Но затворничество Погодина было кажущимся, он ворко следил за происходящим в обществе, в исторической науке и в литературе, его редкие, раз-два в месяц, выезды в город восполняли безлюдность недельных сидений в поле. Из нелюдимого Нестора Погодин превращался в весьма общительного деятеля, когда в Москву приезжали важные лица — от министра народного просвещения графа С. С. Уварова до особ императорской фамилии — и когда надо было завязать новые знакомства, заручиться влиятельной поддержкой.
Отец Погодина состоял домоправителем у фельдмаршала графа Салтыкова и за «честную, трезвую», усердную и долговременную службу» был в 1806 году после смерти фельдмаршала отпущен с женою и детьми «вечно на волю». В отношениях с высокопоставленными лицами Погодин не поступался своим достоинством и независимостью и не удостаивал подчеркнутой вежливостью, когда принимал их у себя, как хозяин своего ставшего известным не только в России, но и за границей древлехранилища.
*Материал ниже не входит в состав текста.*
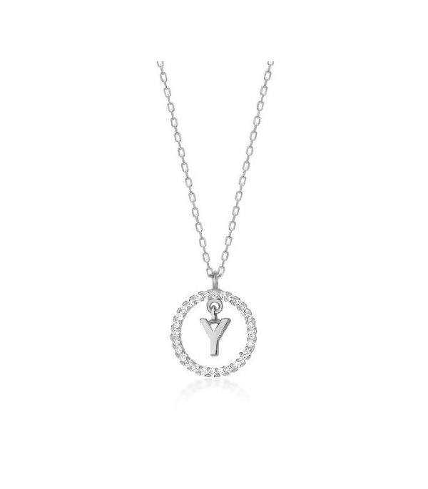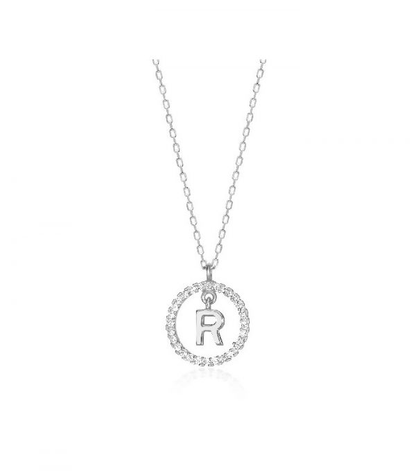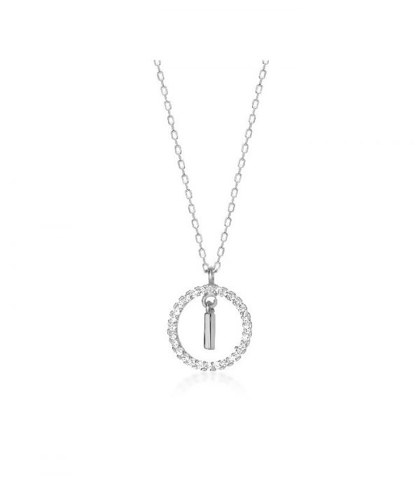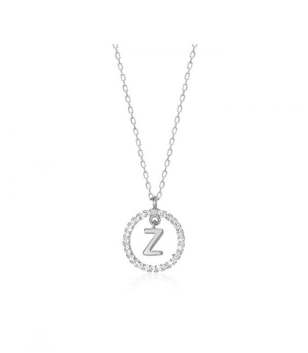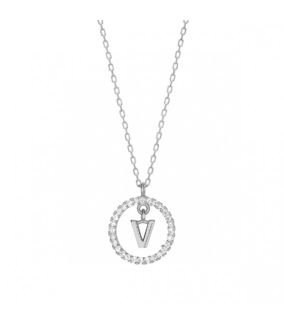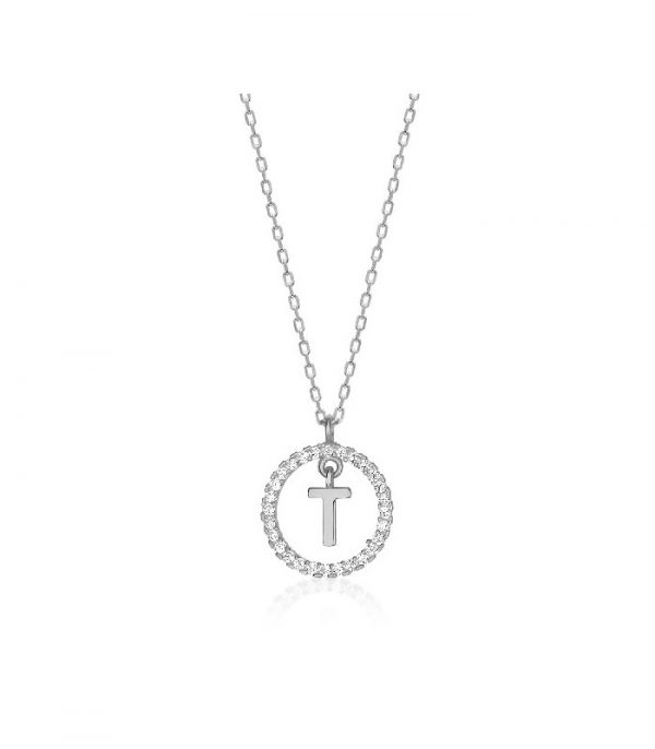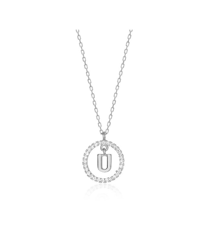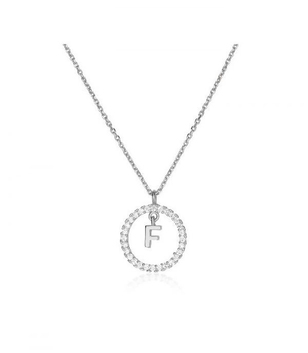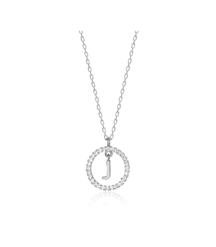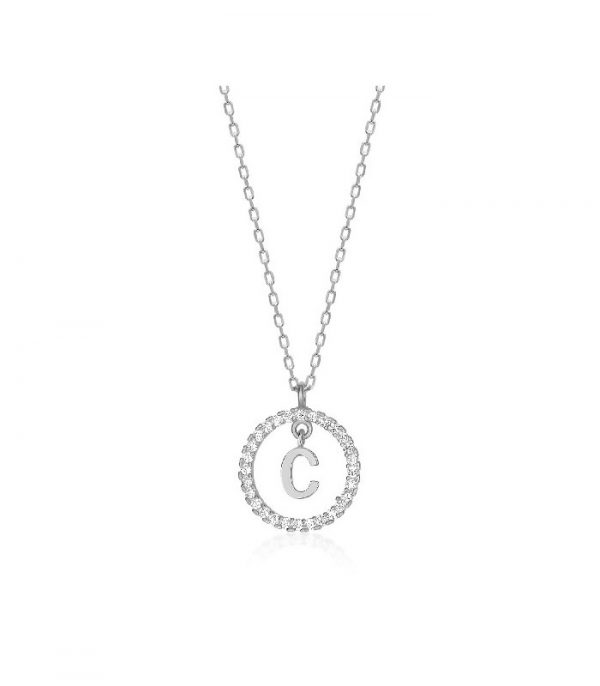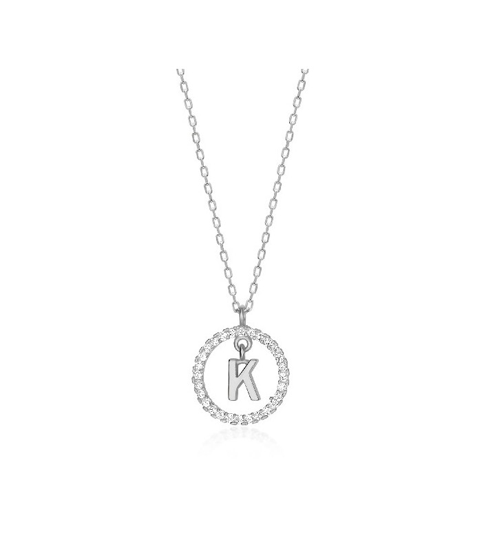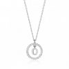 Colgante circulo con 28 circonitas brillantes transparentes e inicialen plata

Итак, вскоре после чтения у Погодина своей пьесы Островский вызвался познакомить с ним своих молодых друзей… Это были Тертий Филиппов, Борис Алмазов, Евгений Эдельсон, был тут и Аполлон Григорьев, уже имевший дело с Погодиным. Приближаясь к дому Погодина, стали гадать, как их встретит хозяин — «на крыльце», в мундире статского советника, с орденским крестом на шее (как он, говорят, встречает знатных особ) или во фраке, «на подъезде», как он принимает тоже важных лиц, иностранных путешественников, или в халате — · где-нибудь на лестнице, или у себя в кабинете. Решили, что хозяин выйдет к ним в мундире, как статский советник, ибо предводительствует ими не просто литератор, а губернский секретарь Островский.
Подошли к крыльцу.
Дома Михаил Петрович?
— Дома-с! Пожалуйте наверх.
Погодин в халате и в пуховой шляпе встретил их в дверях кабинета, быстро и цепко оглядел каждого из гостей, представленных Островским, и начал их рассаживать, приговаривая каждый раз: «Пожалуйте сюда». «А вы сюда», — указал он место Аполлону Григорьеву, потрепав его по плечу, как давнего помощника по журналу и своего человека в доме. «Я недавно вернулся из поездки и нахожусь под бременем корректур», — кивнул он на груду листов, занимавшую край «работного» стола. И стал рассказывать о поездке, о добытых сокровищах для своего древлехранилища. «Это, впрочем, прислал мне мой агент из Суздаля», — показал он на свиток древней рукописи, лежащий на середине стола. Гости были наслышаны о знаменитом погодинском древлехранилище, «музеуме», как называли его светские люди, и пожелали, чтобы Михаил Петрович показал им хотя бы часть своих древностей.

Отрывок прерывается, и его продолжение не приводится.